Cellectar Biosciences reported a net loss of $4.4 million for the quarter ended September 30 2025, translating to earnings per share of $‑1.41. The loss narrowed from $14.7 million in the same period a year earlier and beat the consensus estimate of $‑1.91, a $0.50 improvement driven largely by disciplined cost management that reduced research and development and general‑administrative expenses relative to the prior year.
Revenue for the quarter was $0.00 million, consistent with the company’s status as a purely clinical‑stage biopharmaceutical firm. The lack of sales revenue is typical for a company that has not yet commercialized a product, but the improved loss margin reflects the company’s focus on scaling its pipeline while controlling operating costs.
The company confirmed that it is eligible to submit a conditional marketing authorization application in Europe for its lead radiopharmaceutical, iopofosine I‑131, in 2026. The European Medicines Agency’s Scientific Advice Working Party approved the company’s eligibility, a key regulatory step that could pave the way for a 2027 launch in the European market. In addition, the U.S. Food and Drug Administration granted iopofosine I‑131 rare pediatric drug designation on October 27 2025 for inoperable, relapsed or refractory pediatric high‑grade glioma, providing a potential pathway to accelerated development and market access for a rare disease indication.
Cellectar also announced the initiation of a Phase 1b study of its alpha‑emitting radioconjugate, CLR 125, in patients with triple‑negative breast cancer. The study protocol was submitted to the FDA in June 2025 and is expected to begin enrollment in the fourth quarter of 2025, expanding the company’s portfolio into solid‑tumor indications.
Following the earnings call, the market reacted negatively, with the stock falling 11 % as investors focused on the company’s “substantial doubt” about its ability to continue as a going concern and its reliance on external financing. The decline underscored the tension between the company’s promising pipeline progress and its fragile financial footing.
CEO James Caruso emphasized the significance of the rare pediatric designation and the EMA eligibility, stating that “the designation validates the potential of iopofosine I‑131 to address a critical unmet need in children and that the European pathway brings us closer to a first‑in‑class therapy.” He also highlighted the launch of the CLR 125 study as a strategic expansion into solid tumors, noting that the company is “building a diversified portfolio of auger‑ and alpha‑emitting radioconjugates.”

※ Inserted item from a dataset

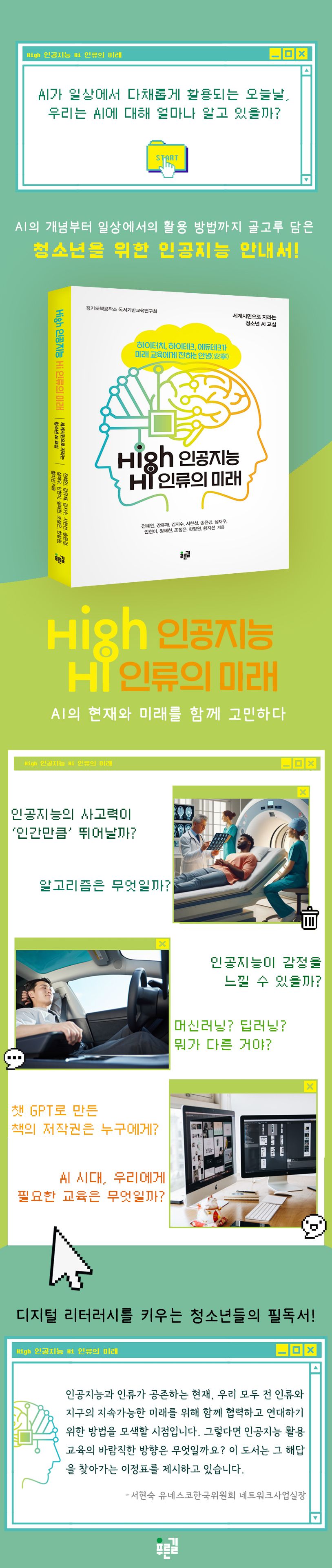 청소년의 눈높이에서 인공지능(AI)을 탐구하는 안내서 『High 인공지능 Hi 인류의 미래』가 푸른길에서 출간되었다. 세계시민으로 자라는 청소년 교실 시리즈의 세 번째 책이다. AI가 일상에서 다채롭게 활용되는 오늘날, 우리는 AI에 대해 얼마나 알고 있을까? AI가 우리의 삶에 어떤 영향을 미치고, 이를 어떻게 활용할 수 있는지에 대해 제대로 이해하고 있을까? 이러한 궁금증을 해결하기 위해, 세계시민 교육으로 활동하는 선생님들이 모여 청소년을 위한 특별한 안내서를 만들었다. 이 책은 인공지능의 기본 개념부터 일상생활에서의 활용 방법까지 체계적으로 다루어, 청소년들이 AI와 함께하는 미래를 준비할 수 있도록 도와준다.

The company’s cash runway extends to the third quarter of 2026, but management reiterated the need for additional fundraising to sustain operations and support ongoing clinical development. While the company did not provide new quarterly guidance, the improved loss margin and regulatory milestones suggest a cautious optimism about the long‑term viability of its pipeline, provided that financing can be secured in the near term.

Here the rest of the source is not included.